Dessa forma, todo atendimento de meninas que apresentam gestação iniciada antes de completar 14 anos deve obrigatoriamente ser notificado pelos serviços públicos ou privados de saúde como violência sexual.
A violência sexual é um agravo de notificação compulsória imediata, ou seja, deve ser comunicada em até 24 horas após o atendimento da vítima.
O prazo visa agilizar o acesso às medidas de profilaxia das IST, HIV e hepatite B, a contracepção de emergência e a coleta de material biológico, bem como a inserção da vítima à rede de atenção.
Escuta especializada busca capacitar entidades e órgãos do poder público
A Secretaria de Estado da Primeira Infância de Alagoas (Secria/AL) afirmou que mantém a iniciativa de Escuta Especializada e busca capacitar entidades e órgãos do poder público sobre a Lei 13.431, que trata das formas de violência contra crianças, sejam elas vítimas diretas ou testemunhas de violência.
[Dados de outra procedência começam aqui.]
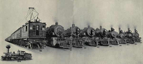 [3] “In the five years, ending with 1906, the number of locomotives ordered by the railroads of the United States was almost 22,400, or almost 4,500 per year. During the five years, ending with 1916, the number ordered has been less than 14,000, or about 2,800 a year.
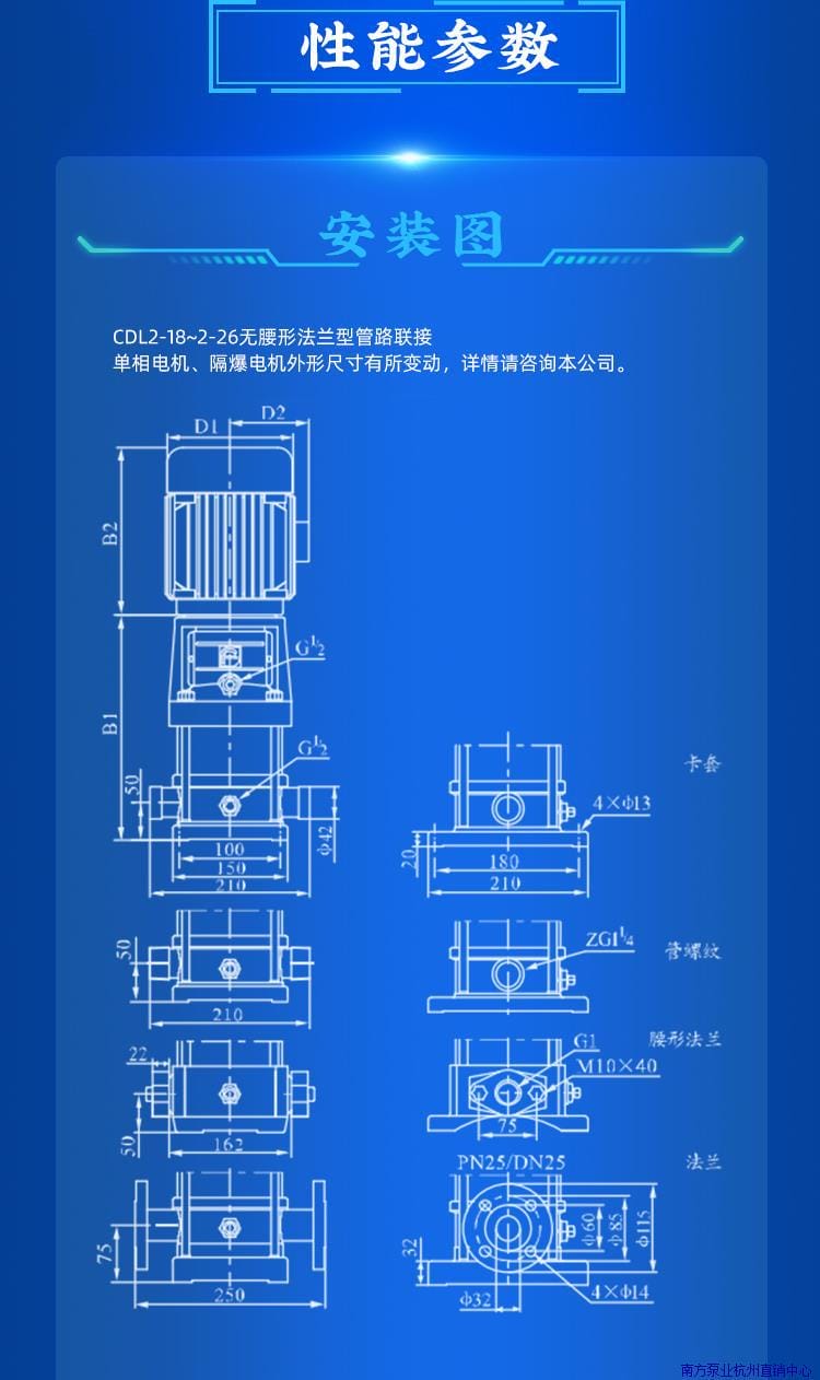 〉 杭州南泵CDL/CDLF2-13/15/18/22冷却泵立式多级离心泵增压工业泵

“Esse processo de escuta envolve entrevistas específicas realizadas por profissionais qualificados, visando entender e abordar adequadamente as situações de violência enfrentadas pela criança perante os órgãos da rede de proteção”, destacou.
Na avaliação da Secria, ao capacitar os profissionais e promover esse tipo de escuta, não apenas se fortalece a aplicação da legislação de proteção à infância, mas também se proporciona um ambiente seguro e acolhedor para as crianças, onde elas se sintam ouvidas e compreendidas em suas experiências de violência.
“Isso pode contribuir significativamente para o processo de recuperação emocional e social das crianças, além de facilitar a identificação precoce de casos de violência e a intervenção adequada para garantir sua proteção e bem-estar”, considerou.
RAV – A RAV foi instituída pelo Decreto nº 89.437, de 28 de fevereiro de 2023, tem caráter intersetorial e é pautada na prevenção, identificação, assistência, monitoramento e avaliação das violências às populações vulneráveis, no âmbito do Estado de Alagoas. As ações governamentais da RAV são executadas com vistas ao enfrentamento das violências, de forma a facilitar o acolhimento seguro, assistência qualificada, escuta especializada, eficiente, eficaz e não revitimizadora.
Crimes contra crianças no mundo – Segundo a Organização Mundial da Saúde (OMS), estima-se que uma em cada cinco meninas e um em cada 13 meninos são vítimas de abuso sexual em todo o mundo.
Por todos os números alarmantes, é essencial combater o silêncio e o preconceito, promovendo a educação, a prevenção e a denúncia como ferramentas para proteger as crianças e adolescentes.